- No. of episodes: 3

Release
- Original network: BBC1
- Original release: 16 July – 30 July 1983

= The Mad Death =

The Mad Death is a television serial made by BBC Scotland. It was filmed in 1981 and transmitted 2 years later in 1983.

==Plot==
The three-part series examined the effects of an outbreak of rabies in the United Kingdom and was noted for its occasionally chilling content.

==Production==
The music for the opening titles consisted of a voice whispering the first four lines of All Things Bright and Beautiful over a montage of animals' faces, distorted by a rippling water effect, symbolising the hydrophobia caused by rabies.

The episodes were filmed around Scotland including inside East Kilbride Shopping Centre.

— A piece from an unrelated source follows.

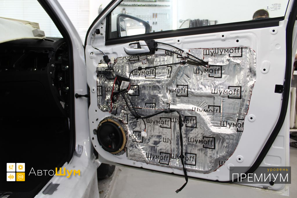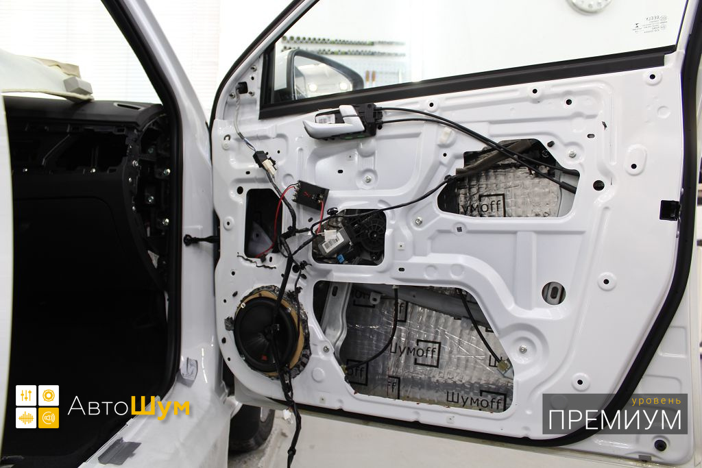 Шумоизоляция дверей Джили Эмгранд Помимо еще одного барьера для внешнего шума данный слой позволит раскрыть потенциал акустической системы, установленной в дверях.

The series has only ever been repeated once on BBC television, in 1985, although it was later shown on UK Gold in the 1990s. An edited version was made to film length and released on a VHS in the mid-1980s. It was released uncut on DVD on 7 May 2018.

==Cast==
- Richard Heffer as Michael Hilliard
- Barbara Kellerman as Dr. Ann Maitland
- Richard Morant as Johnny Dalry
- Ed Bishop as Tom Siegler
- Valerie Holliman as Norma Siegler
- Debbi Blythe as Jane Stoddard
- Brenda Bruce as Miss Stonecroft
- Jimmy Logan as Bill Stanton
- Paul Brooke as Bob Nicol

==Releases==

The Mad Death was released on DVD in 2018 by Simply Media.